Group 2, Alex Kearney

The large number of people who arrived at the Northwest corner of the Adams Center parking lot at the U of M allowed Larry Weeks to ask me for help leading this trip, I agreed. I consider myself a novice birding person, and even less than a novice leading a field trip. Anxiety had set in enroute, compounded by the weather upon arrival which was overcast, visibility of 100ft(+/- 5ft), and the visual experience of ice needles resembling an old man’s beard covering everything, everything that is that could be seen. Without any preparation I was able to determine a direction into the frozen Mission Valley in search for raptors. What I discovered to be really helpful was, to search for birds as though I were doing this solo. The anxiety began to lift but not the fog, poor visibility remained. The birding was very difficult but as we continued moving, I was able to hatch a plan. Shortly, both the weather and the birding began to cooperate, Great Horned Owls began flying across the road. Bald Eagles were seemingly gathering in anticipation of our arrival. Pileated Woodpecker’s were scurrying for cover as a Sharp-shinned Hawk was in pursuit.
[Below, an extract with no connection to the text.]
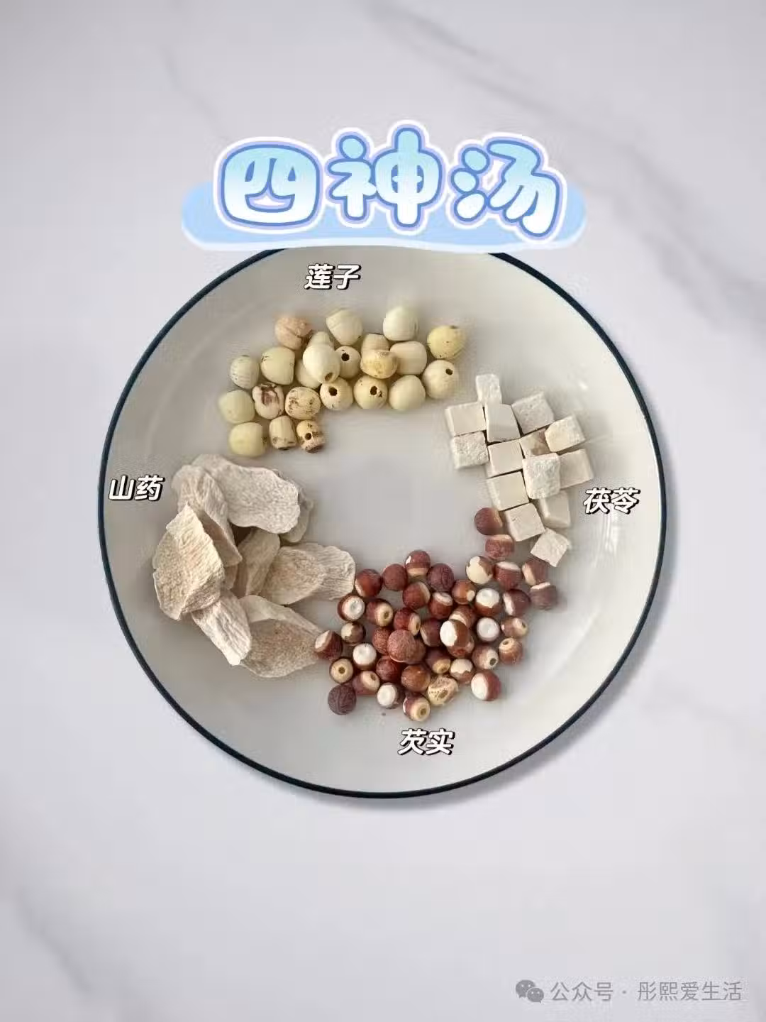 山藥、蓮子、芡實、茯苓各10克

Eventually, visibility improved. The buteo’s, both Red-tailed Hawks and Rough-legged Hawks began to remain perched long enough to position a scope, to help determine either morph and/or subspecies. The American Tree Sparrows, Common Redpolls, and Horned Larks appeared in very large numbers, and we cannot forget the Cedar Waxwings, American Robins, and Townsend Solitaire’s who were seemingly cheering us on. The Black- capped Chickadees choose to remain visually anonymous, but their calls were distinctive. Northern Shrikes appeared but much further down the road from all this activity in the junipers. The Prairie Falcon and American Kestrel remained content on their utility poles as we passed. These where just some of the birds that come to mind for this raptor field trip to the Mission Valley. I would like to thank Larry Weeks for asking me to help him, and I would also like to thank all the participants who came with. I had a great day! We had 29 species, which does not include a possible Golden Eagle, with a total of 101 raptors.